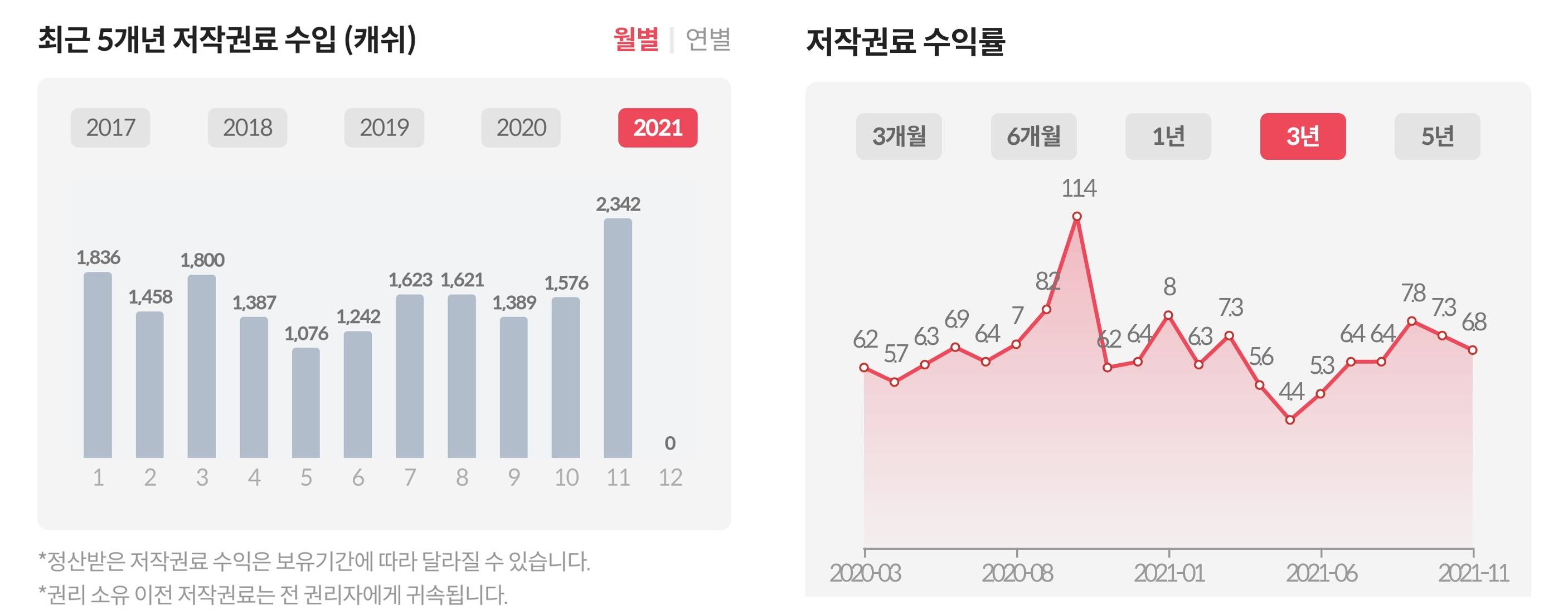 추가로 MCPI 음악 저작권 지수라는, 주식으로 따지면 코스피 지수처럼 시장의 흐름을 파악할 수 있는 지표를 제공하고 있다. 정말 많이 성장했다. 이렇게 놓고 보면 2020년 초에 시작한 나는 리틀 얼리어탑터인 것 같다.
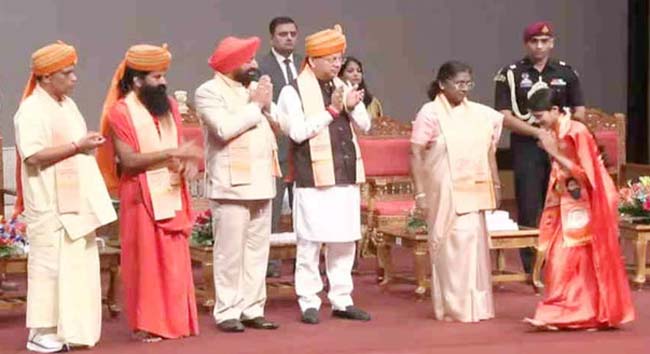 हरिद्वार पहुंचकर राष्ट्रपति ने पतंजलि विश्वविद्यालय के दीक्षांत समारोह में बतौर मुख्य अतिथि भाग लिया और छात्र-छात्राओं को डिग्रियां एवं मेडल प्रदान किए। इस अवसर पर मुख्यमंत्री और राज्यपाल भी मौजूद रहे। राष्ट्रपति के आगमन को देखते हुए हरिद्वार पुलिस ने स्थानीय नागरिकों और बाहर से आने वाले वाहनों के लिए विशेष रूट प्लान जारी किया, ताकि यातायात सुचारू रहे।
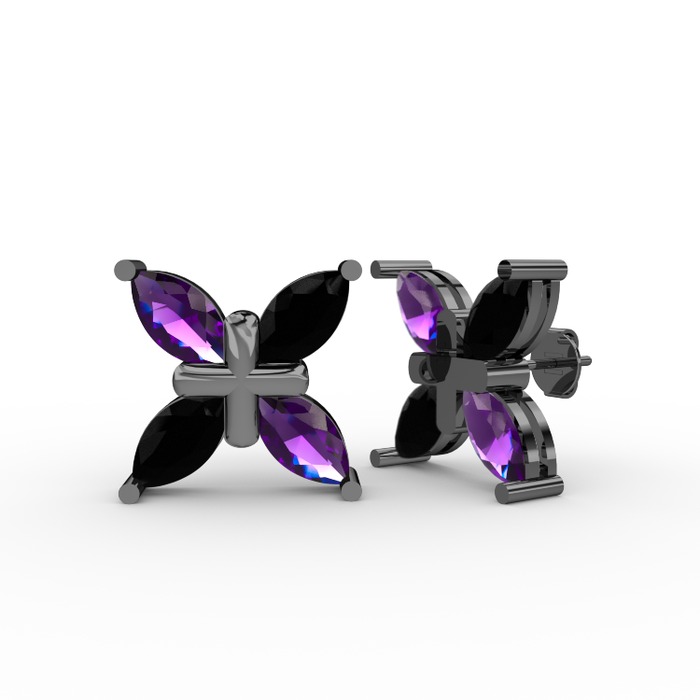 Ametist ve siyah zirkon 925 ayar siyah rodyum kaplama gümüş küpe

┄┄┄┄┄┄┄┄┄┄

Problem description:
Nothing should be printed except the lines from the one with "हरिद्वार पहुंचकर राष्ट्रपति" through the last line of the listing above, both ends included; please drop the pictures.

Written solution:
 हरिद्वार पहुंचकर राष्ट्रपति ने पतंजलि विश्वविद्यालय के दीक्षांत समारोह में बतौर मुख्य अतिथि भाग लिया और छात्र-छात्राओं को डिग्रियां एवं मेडल प्रदान किए। इस अवसर पर मुख्यमंत्री और राज्यपाल भी मौजूद रहे। राष्ट्रपति के आगमन को देखते हुए हरिद्वार पुलिस ने स्थानीय नागरिकों और बाहर से आने वाले वाहनों के लिए विशेष रूट प्लान जारी किया, ताकि यातायात सुचारू रहे।
 Ametist ve siyah zirkon 925 ayar siyah rodyum kaplama gümüş küpe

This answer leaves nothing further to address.